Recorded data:
○ ○ ○

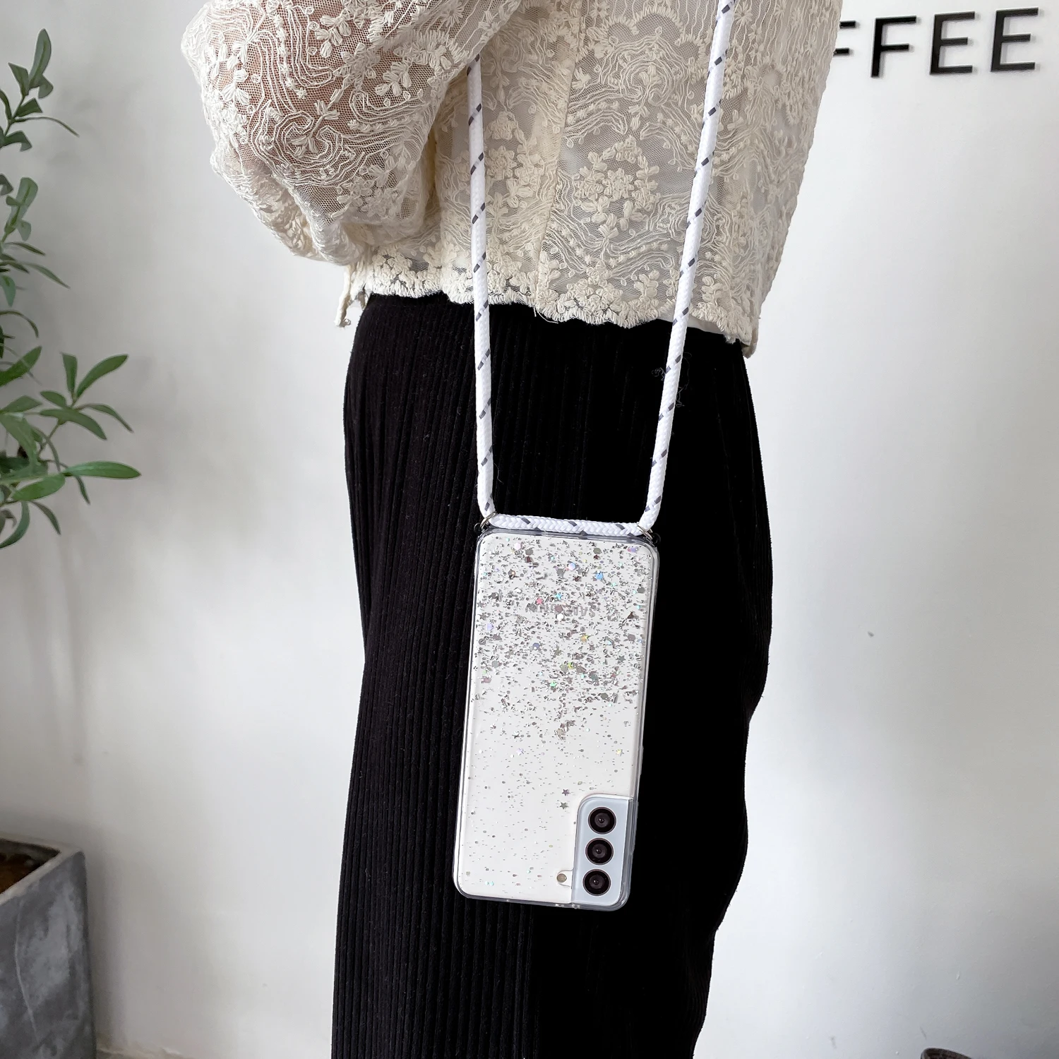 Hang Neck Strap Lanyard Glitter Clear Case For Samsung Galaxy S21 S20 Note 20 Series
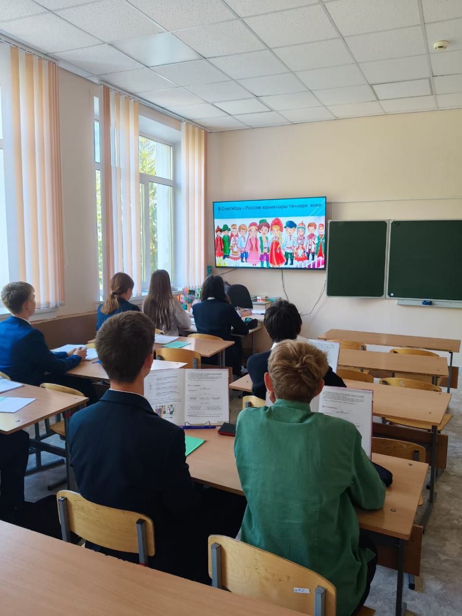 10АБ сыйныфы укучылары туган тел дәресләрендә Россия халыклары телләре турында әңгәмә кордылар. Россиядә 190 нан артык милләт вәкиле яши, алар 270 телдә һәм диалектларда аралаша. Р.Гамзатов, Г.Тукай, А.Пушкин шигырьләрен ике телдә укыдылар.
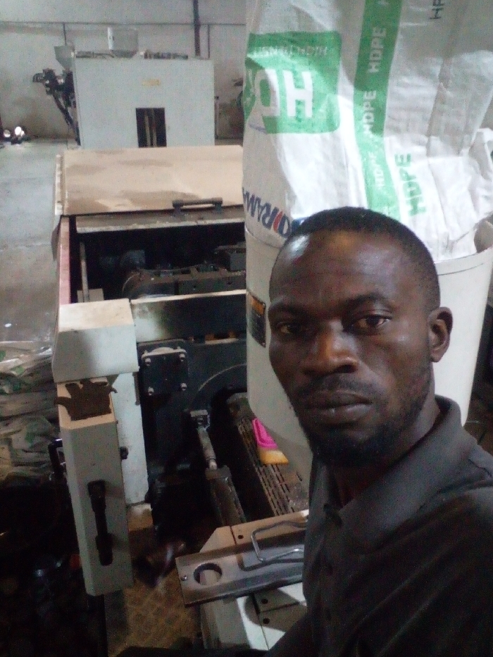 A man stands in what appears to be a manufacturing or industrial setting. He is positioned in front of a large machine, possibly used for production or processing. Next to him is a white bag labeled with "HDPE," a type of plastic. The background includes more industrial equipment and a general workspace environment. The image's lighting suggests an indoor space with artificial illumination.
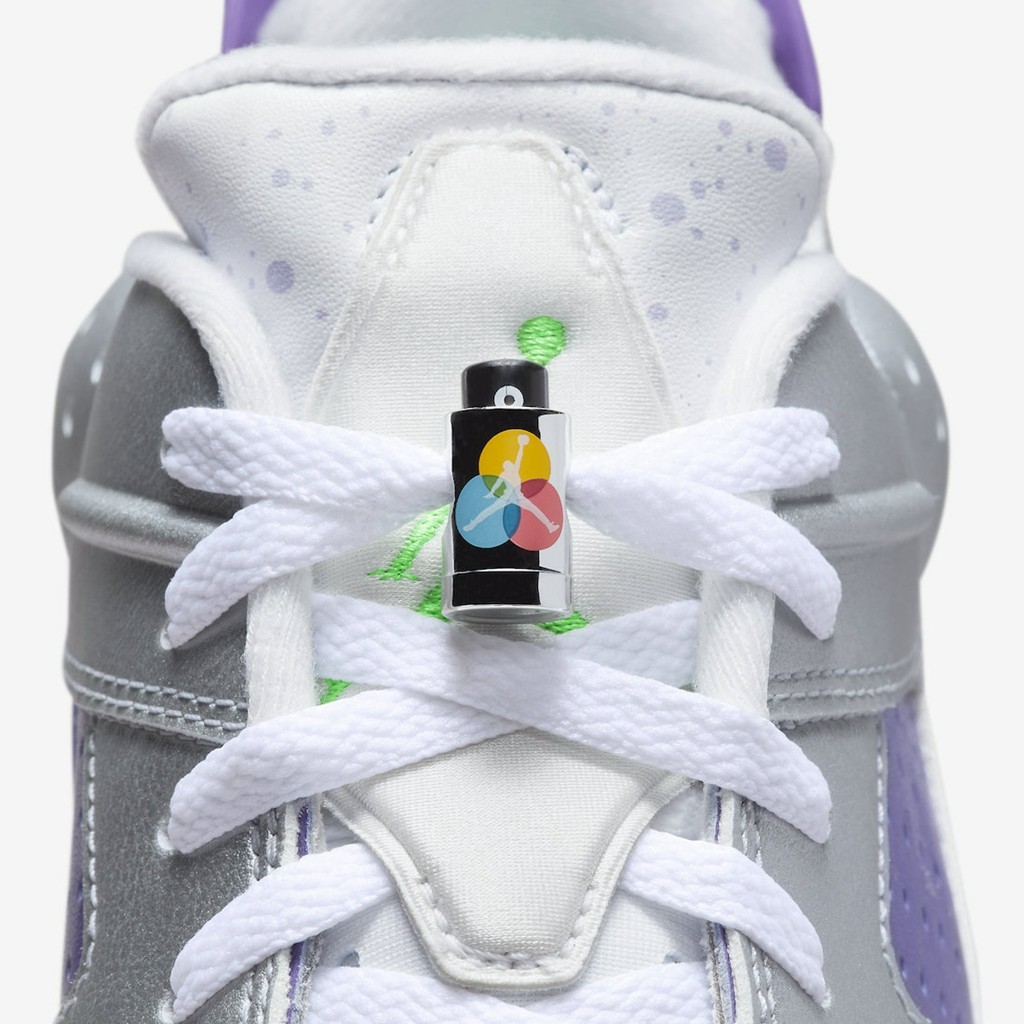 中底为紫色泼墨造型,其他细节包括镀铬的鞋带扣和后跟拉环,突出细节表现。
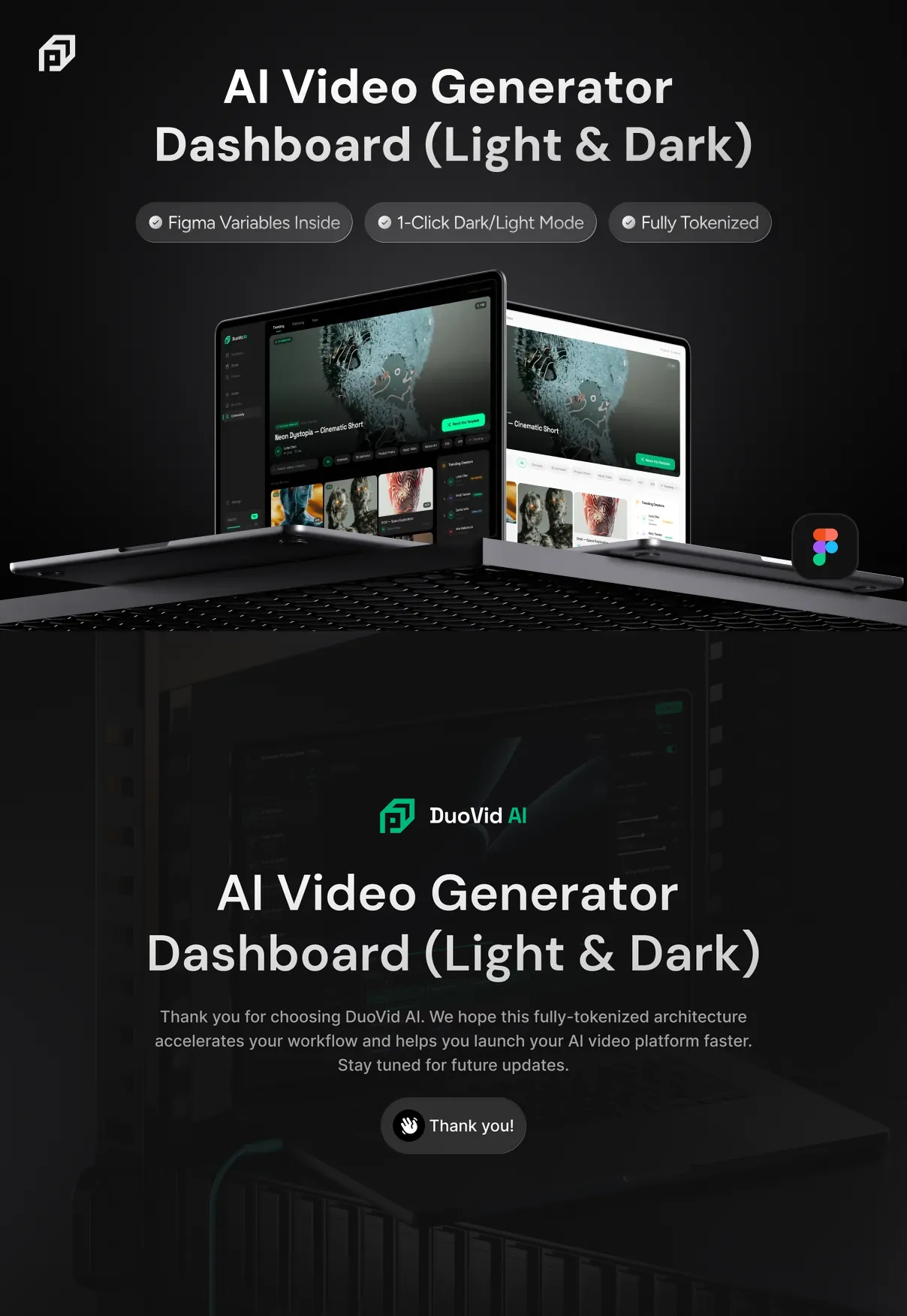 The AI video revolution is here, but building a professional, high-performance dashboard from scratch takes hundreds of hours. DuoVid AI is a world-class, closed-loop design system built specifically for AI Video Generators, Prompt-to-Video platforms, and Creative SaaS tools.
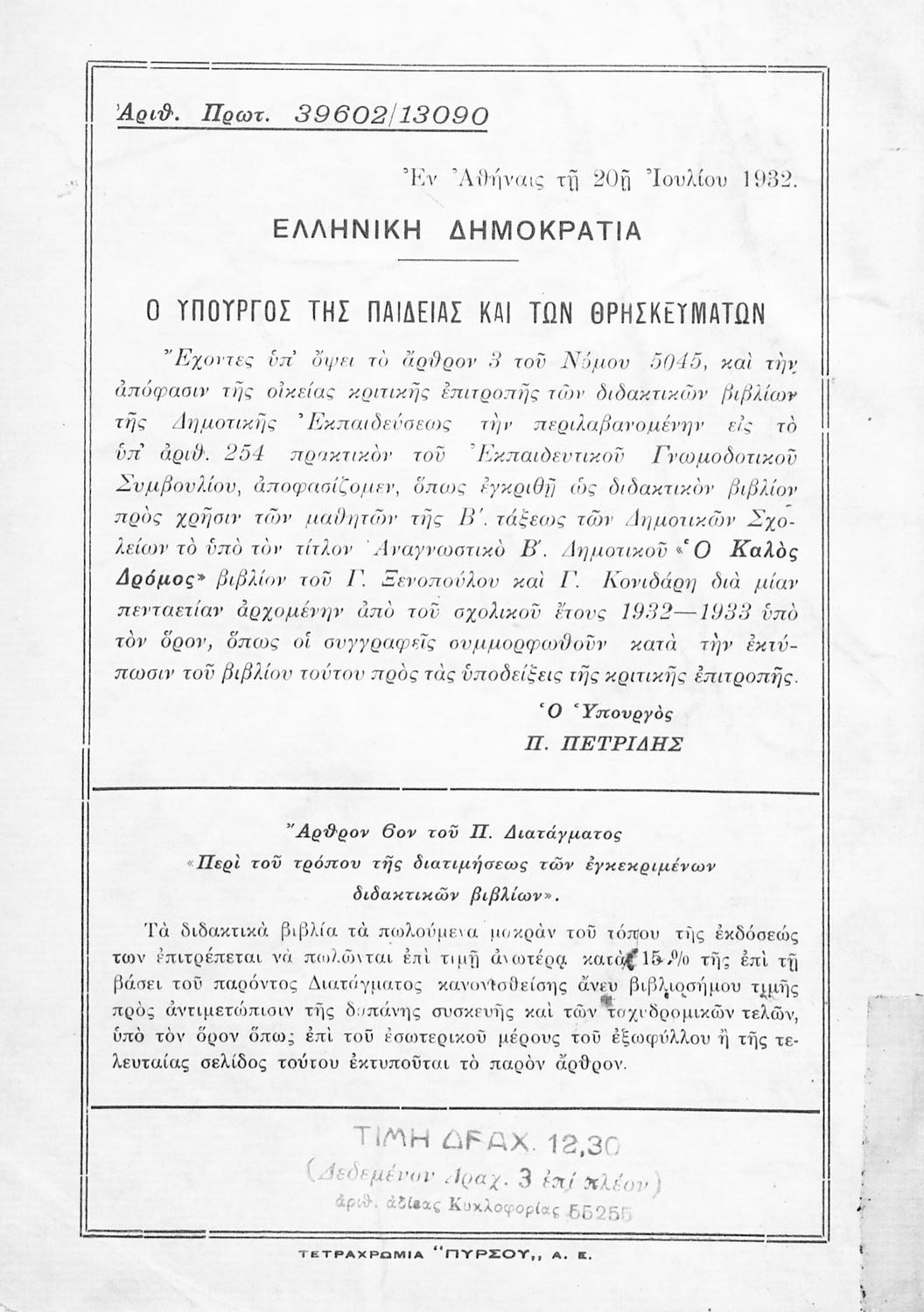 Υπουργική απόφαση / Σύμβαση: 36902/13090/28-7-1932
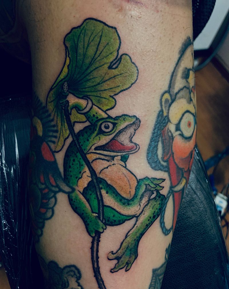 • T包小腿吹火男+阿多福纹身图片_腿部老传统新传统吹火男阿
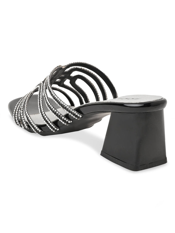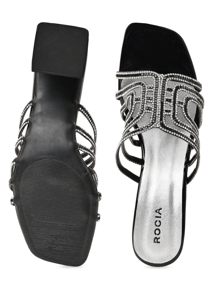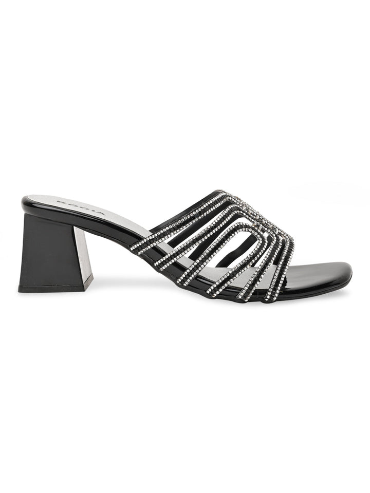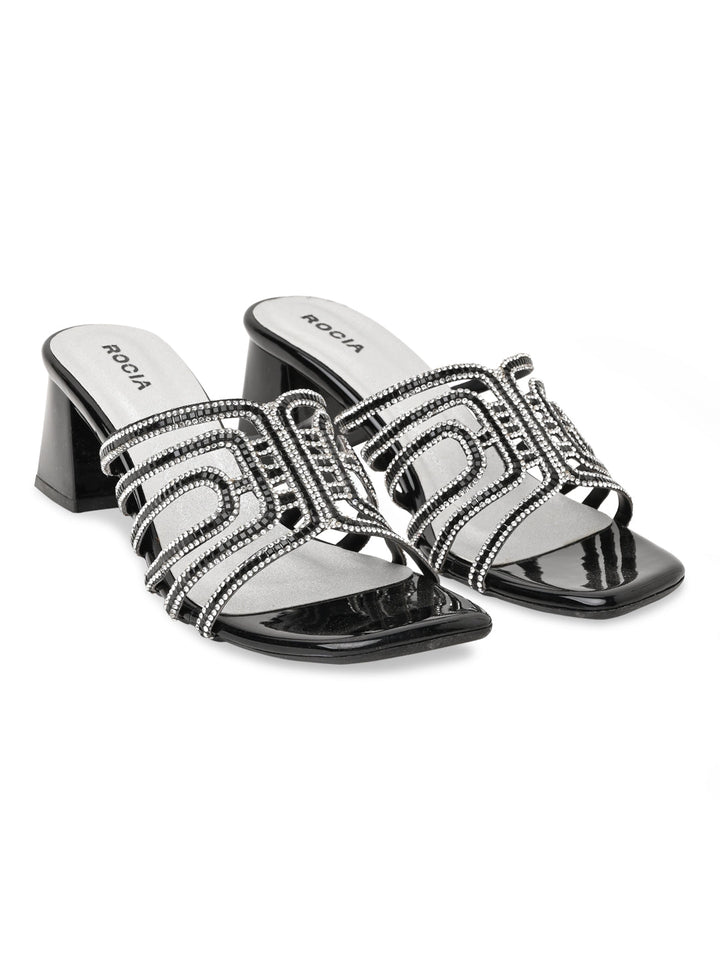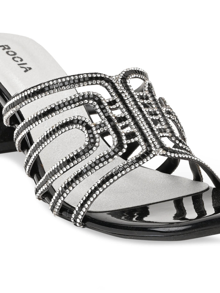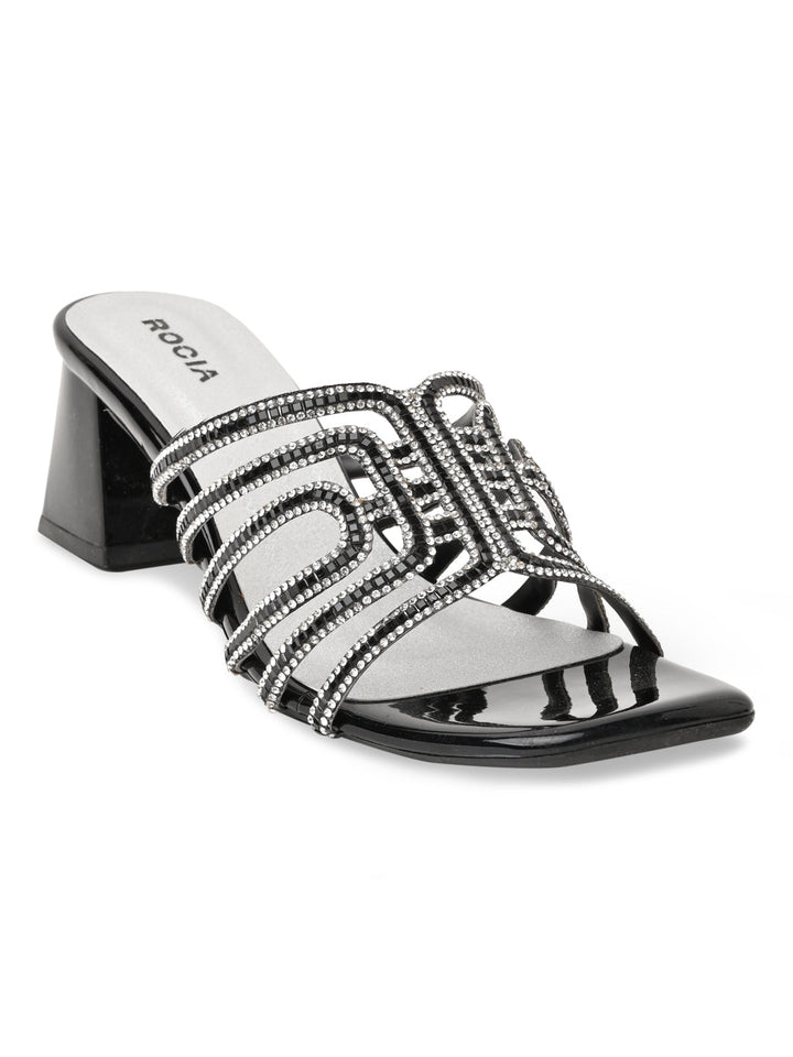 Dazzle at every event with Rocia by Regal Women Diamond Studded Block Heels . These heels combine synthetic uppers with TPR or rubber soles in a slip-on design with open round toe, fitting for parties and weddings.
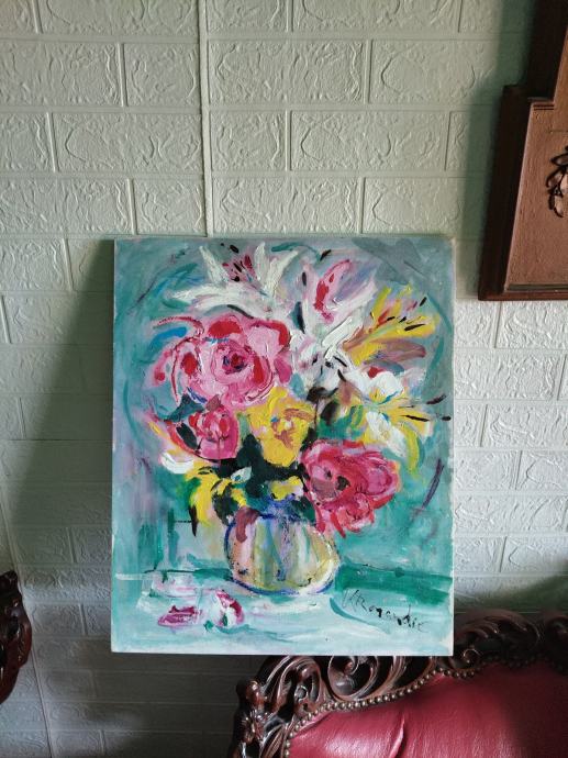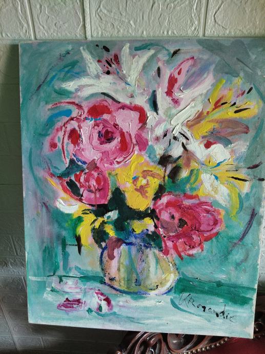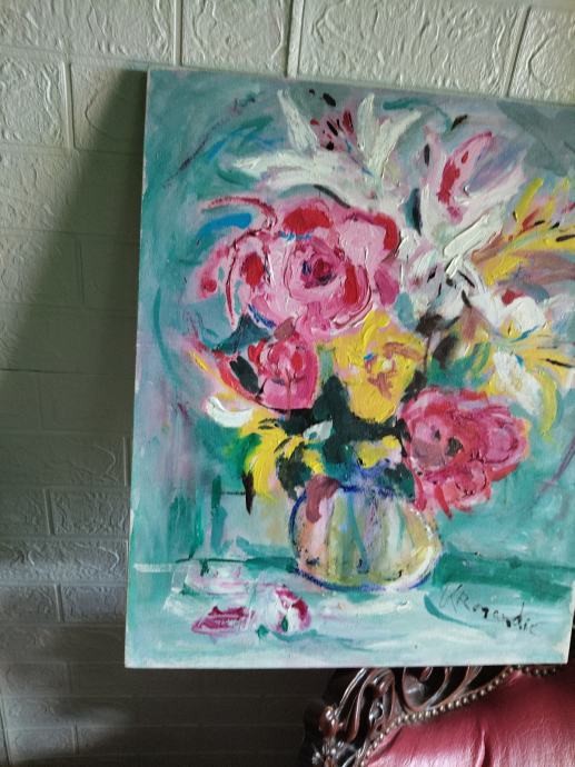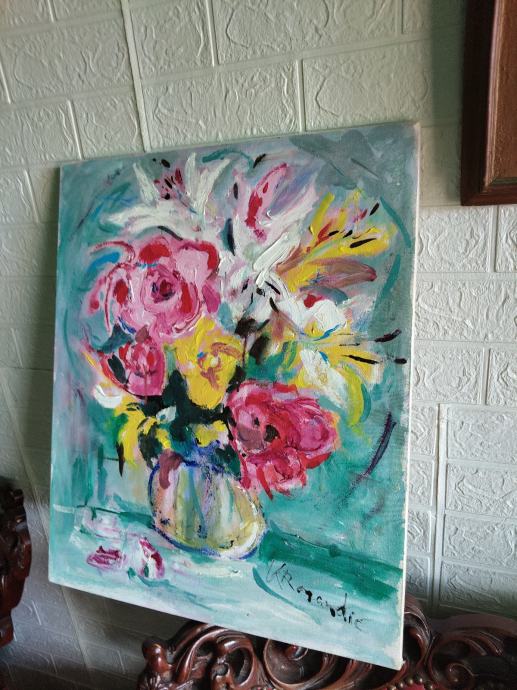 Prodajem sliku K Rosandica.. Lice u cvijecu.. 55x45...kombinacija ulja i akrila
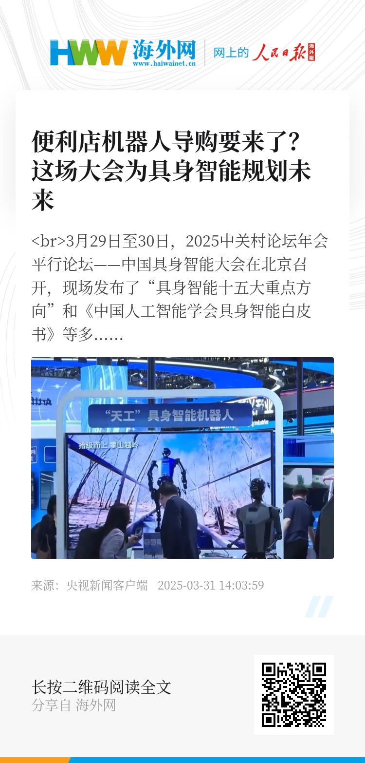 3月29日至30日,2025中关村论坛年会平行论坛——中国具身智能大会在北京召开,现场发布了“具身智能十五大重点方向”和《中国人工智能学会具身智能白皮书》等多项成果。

○ ○ ○

### Aim of the exercise
Your copy must match the records above word for word and contain no pictures.

### Output
 Hang Neck Strap Lanyard Glitter Clear Case For Samsung Galaxy S21 S20 Note 20 Series
 10АБ сыйныфы укучылары туган тел дәресләрендә Россия халыклары телләре турында әңгәмә кордылар. Россиядә 190 нан артык милләт вәкиле яши, алар 270 телдә һәм диалектларда аралаша. Р.Гамзатов, Г.Тукай, А.Пушкин шигырьләрен ике телдә укыдылар.
 A man stands in what appears to be a manufacturing or industrial setting. He is positioned in front of a large machine, possibly used for production or processing. Next to him is a white bag labeled with "HDPE," a type of plastic. The background includes more industrial equipment and a general workspace environment. The image's lighting suggests an indoor space with artificial illumination.
 中底为紫色泼墨造型,其他细节包括镀铬的鞋带扣和后跟拉环,突出细节表现。
 The AI video revolution is here, but building a professional, high-performance dashboard from scratch takes hundreds of hours. DuoVid AI is a world-class, closed-loop design system built specifically for AI Video Generators, Prompt-to-Video platforms, and Creative SaaS tools.
 Υπουργική απόφαση / Σύμβαση: 36902/13090/28-7-1932
 • T包小腿吹火男+阿多福纹身图片_腿部老传统新传统吹火男阿
 Dazzle at every event with Rocia by Regal Women Diamond Studded Block Heels . These heels combine synthetic uppers with TPR or rubber soles in a slip-on design with open round toe, fitting for parties and weddings.
 Prodajem sliku K Rosandica.. Lice u cvijecu.. 55x45...kombinacija ulja i akrila
 3月29日至30日,2025中关村论坛年会平行论坛——中国具身智能大会在北京召开,现场发布了“具身智能十五大重点方向”和《中国人工智能学会具身智能白皮书》等多项成果。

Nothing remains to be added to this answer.